■ **DATA**:
######
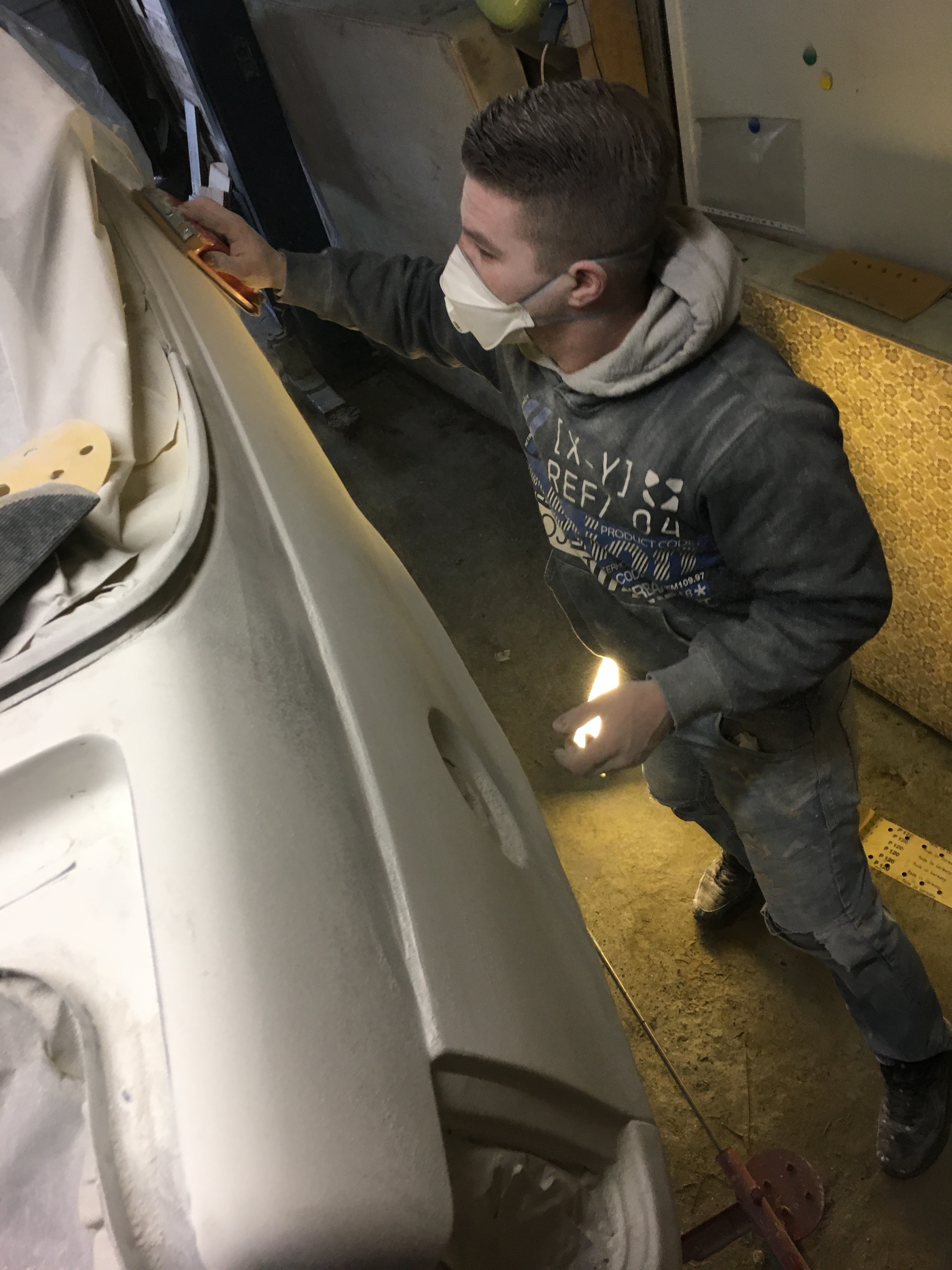 Nebenbei haben wir noch 2-3 stellen gespachtelt damit dann Nacher der Füller drauf kann , somit die letzte Schicht vor der Farbe
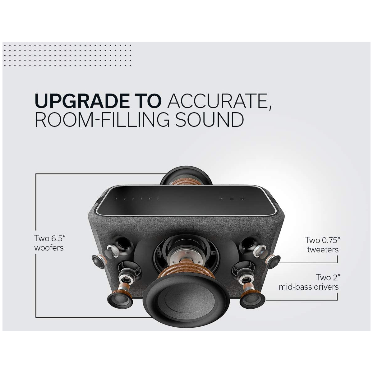 -stereo speaker with six built-in drivers (two 6-1/2" woofers, two 2" midrange drivers and two 3/4" tweeters), each powered by a separate Class D amplifier
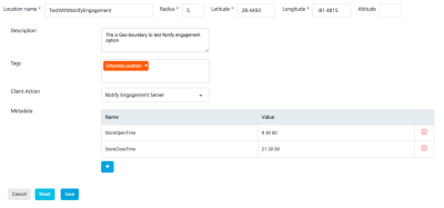 - You need to enter the Location Name, which will be the name of the new geoboundary. The description of the geoboundary will be optional. You can also enter a value for Tags that is additional data that you can associate with a geoboundary. Such data can be used to group a set of geoboundaries. The Engagement APIs, which we will discuss in the later section, also allow you to filter geoboundaries based on the tag values.
######
■ **YOUR OBJECTIVE**:
Restate all of the material word for word. Keep out every picture.

■ **PROBLEM SOLUTION**:
 Nebenbei haben wir noch 2-3 stellen gespachtelt damit dann Nacher der Füller drauf kann , somit die letzte Schicht vor der Farbe
 -stereo speaker with six built-in drivers (two 6-1/2" woofers, two 2" midrange drivers and two 3/4" tweeters), each powered by a separate Class D amplifier
 - You need to enter the Location Name, which will be the name of the new geoboundary. The description of the geoboundary will be optional. You can also enter a value for Tags that is additional data that you can associate with a geoboundary. Such data can be used to group a set of geoboundaries. The Engagement APIs, which we will discuss in the later section, also allow you to filter geoboundaries based on the tag values.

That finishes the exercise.